# hyd oil in rear end 3400 ford



## dozer966 (Dec 30, 2014)

Whitch oil goes in rear end and can someone tell me if PTO is suppose to stall out under heavy load and is there an adjustment for it


----------



## Ultradog (Feb 27, 2005)

Use a generic UTF in your rear end, transmission, power steering, loader hydraulics and rear end.
One jug or pail to keep in stock to fill all 4 reservoirs.
Look on the label.
Make sure it says meets or exceeds Ford 134D.
As for the pto, which transmission do you have?


----------



## dozer966 (Dec 30, 2014)

The trany # is 0B16B if this is the # u are looking for got it from the tag on engine cover it is a 6 speed with a hi lo so in total 12 gears 
This info is mutch appreciated I am a new owner and I have much to lurn and still have many questions thanx


----------



## sixbales (May 18, 2011)

Howdy Dozer966,

The standard PTO for your 3400 was a transmission driven PTO. The PTO is driven via the transmission. When you depress the clutch the wheels stop and the PTO stops.

An option with the 3400 was a "live" PTO, whereby the transmission & PTO is driven by a 2 stage clutch.
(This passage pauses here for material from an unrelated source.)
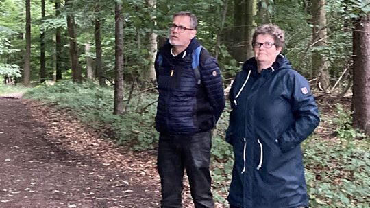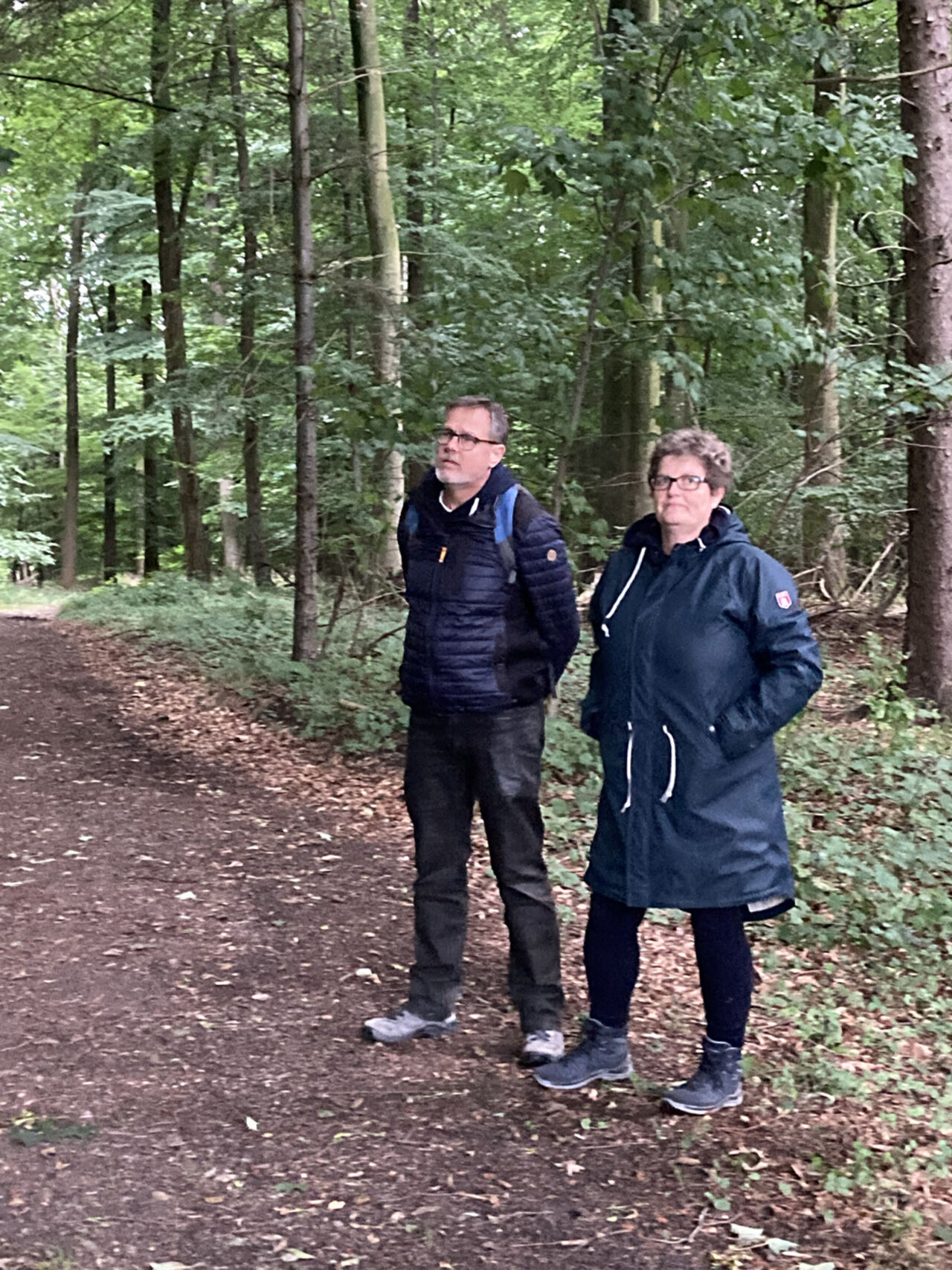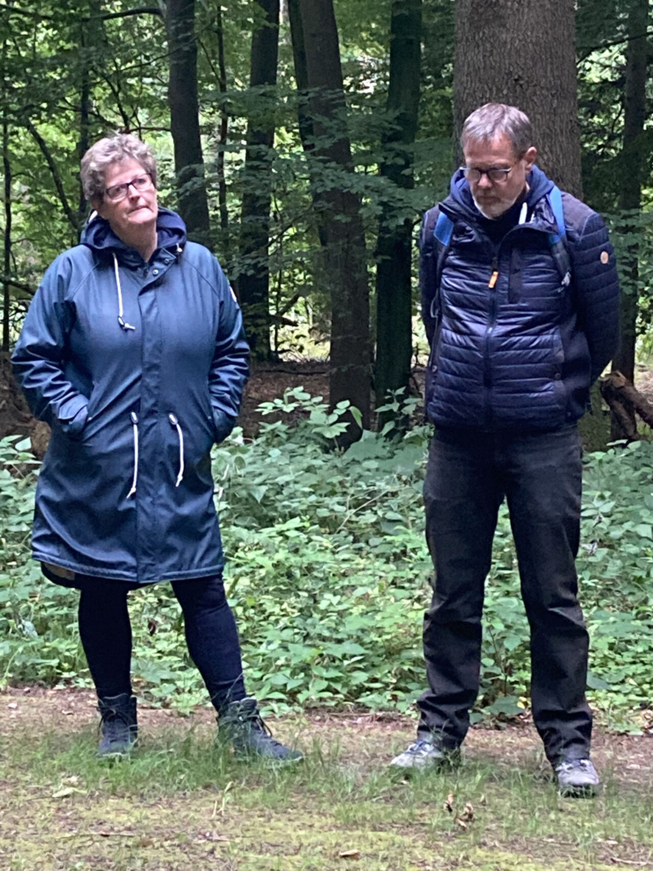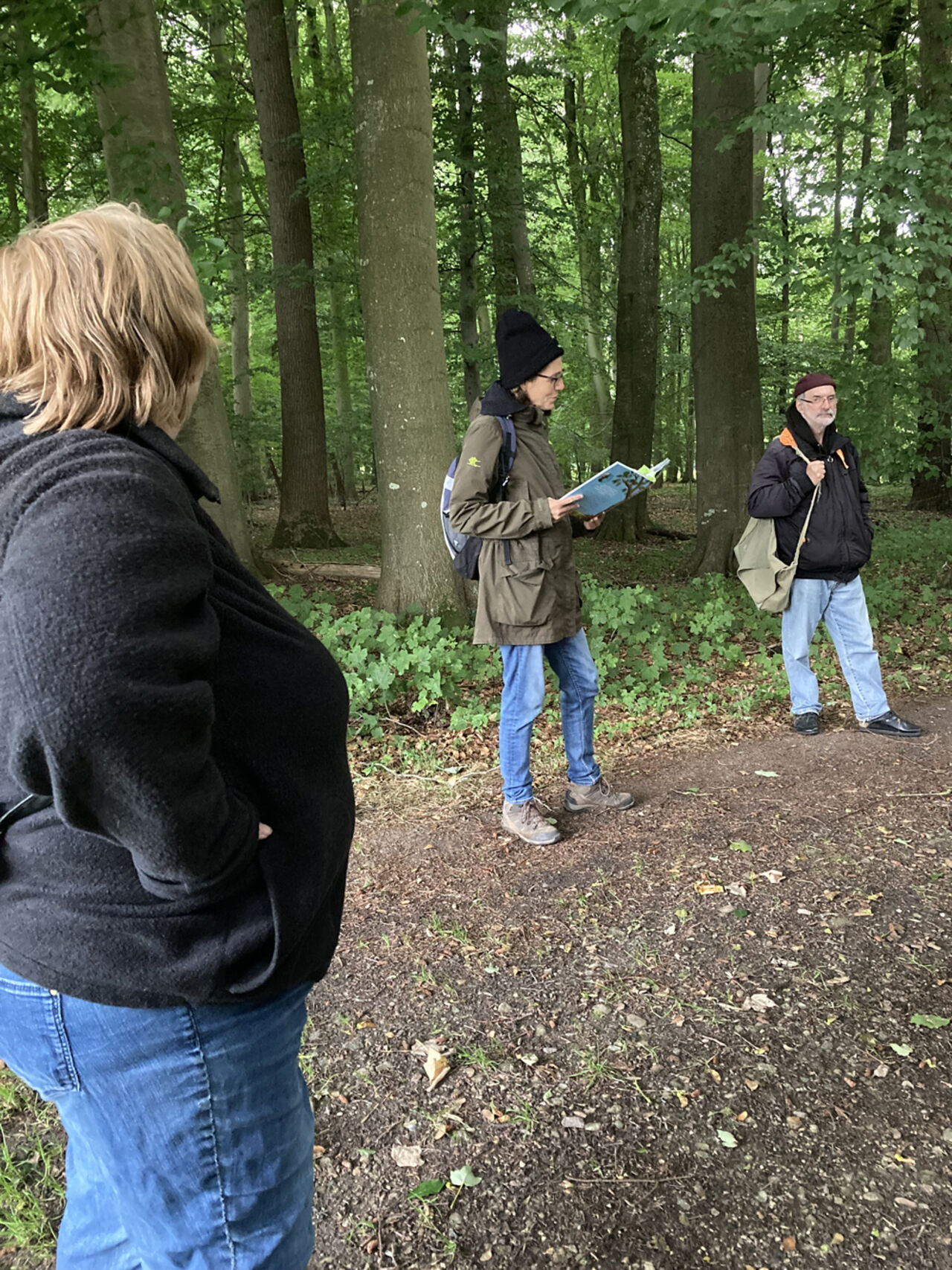 Den Rahmen gestaltete die Ehrenamtsgruppe der Erwachsenenbildung im Kirchenkreis Schleswig-Flensburg. So berichtete Detlef Flüh von seinen Begegnungen mit der Natur in diesem Wald und steckte alle mit seiner Begeisterung an. Mareike Brombacher las an einigen Stationen aus dem Buch „Hörst du, wie die Bäume sprechen“ von Peter Wohlleben vor. Heike Kaiser hatte die Anmeldungen organisiert. Beim kleinen Imbiss am Ende des Spaziergangs war man sich einig: Die Erfahrung, im Wald etwas über den Wald zu erfahren, war ein ganz besonderes Erlebnis. Und die Organisator*innen sind sich sicher: Einen solchen Spaziergang werden sie gerne wieder anbieten.

You depress the clutch halfway, the wheels stop but the PTO keeps on turning, depress the clutch fully disengages the second clutch stage and the PTO stops. 

Another PTO option with the 3400 was an independent PTO. This is a hydraulically actuated clutch pack in the transmission which drives the PTO. 
_____________________________________________________________

If your PTO stalls under heavy load with a transmission driven system, the wheels would be stopping as well. Clutch is slipping. 

If the PTO is stalling with a 2 stage clutch, with the wheels continuing to drive, the PTO clutch is slipping. You may have some oil on the clutch from a leaking rear main seal on the engine, or a leaking input shaft seal on the transmission. There is a drain hole at the bottom of the clutch housing with a cotter pin sticking out of it. The purpose of this drain hole is to keep fluid from accumulating in the clutch housing. Check that this drain is open by wiggling the cotter key or running a small wire up alongside it to open the drain. 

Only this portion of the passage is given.